I'm worked as a full-stack programmer in two banks: "Siberian Oil Bank" (6 years) and "Zapsibkombank" (2015-2020) in the departments of state and analytical reporting. Since 2020 in Company Innotech departments Big data processing (ETL-processes) at position chief developer.
2023-01-08
A good application is when it is created according to generally accepted canons, its code is easy to read and easy to understand. Such an application can be written manually every time, but there is an automatic way - this is Maven.
Apache Maven is a framework for automating the assembly of projects based on the description of their structure in files in the POM language. When creating an application, you can use ready-made templates from the maven repository , take an Archetype suitable for your goals and create your own Scala, JAVA or Android application based on it, which will already contain a structure for automatic assembly and testing.
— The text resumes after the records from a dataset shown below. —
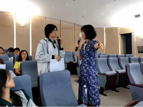 课堂上,尚老师与同学们频频互动。有同学起身分享心得:电影片段让自己仿佛回到了那个环境中,灾难面前,人们需要有一个人挺身而出,一个人站出来了,就会有更多的人站出来。
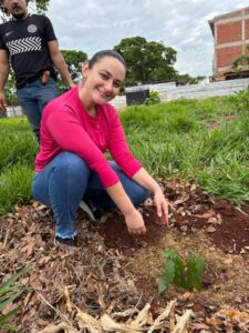 Na última sexta-feira, 31 de outubro, estudantes do 4º semestre do curso de Pedagogia da Faculdade de Educação (FAED/UFMS) participaram de uma atividade prática de plantio de árvores frutíferas no Sistema Agroflorestal Escola da UFMS (SAF-Escola). A ação faz parte do projeto de extensão “Sistema Agroflorestal Escola UFMS: Aproximando Agricultura, Educação e Sustentabilidade”, coordenado pelo professor Dr. Rafael Rossi, da FAED e do Programa de Pós-Graduação em Educação (PPGEDU).
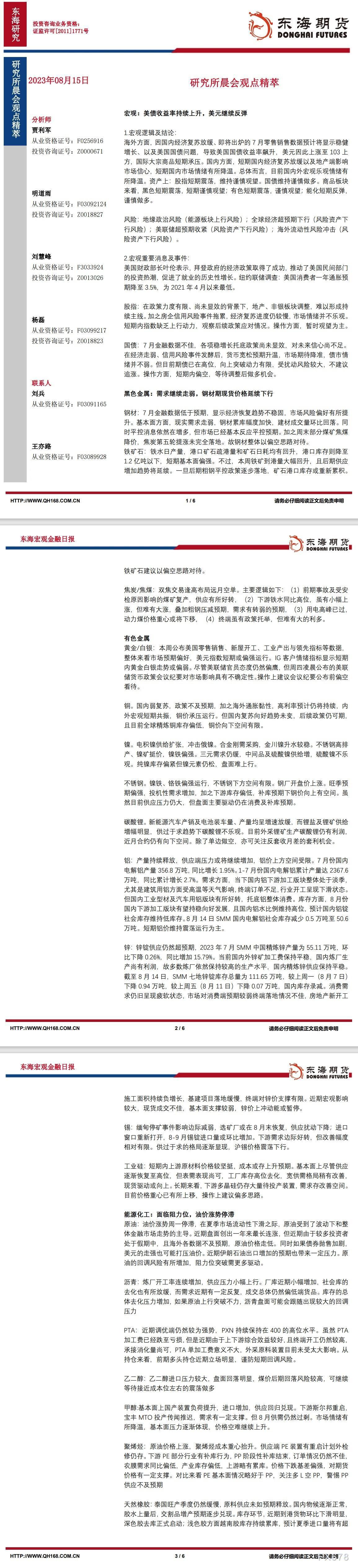 【东海期货8月15日研究所晨会观点精萃】:美债收益率持续上升,美元继续反弹

But you can create your own Application Archetype, and create your own applications from it. This is necessary when development is carried out in a team and all applications must comply with a strictly defined structure.
You can learn how to create your own Maven archetype and create your application based on it from my project on github.
2022-11-30
My goal was to create a pipeline for loading data from a ClickHouse database into Hive.
About this DBMS. It allows you to store large data in a columnar structure.
Supports data replication. Also works with Data Formats for input and output: TXT, CSV, JSON, PARQUET.
Data transfer can be carried out over an ssl connection using a certificate.
ClickHouse supports database connection methods
The final solution was to download the ClickHouse-client, input parameters: sql query, and the output received a file in the "parquet" format (this is 11 times smaller than the txt format), which is generated on the ClickHouse server side. The file size is 4.5 GB (this is much less than 50 GB when transferred via lan).Since this is parquet, the data can be processed using Spark.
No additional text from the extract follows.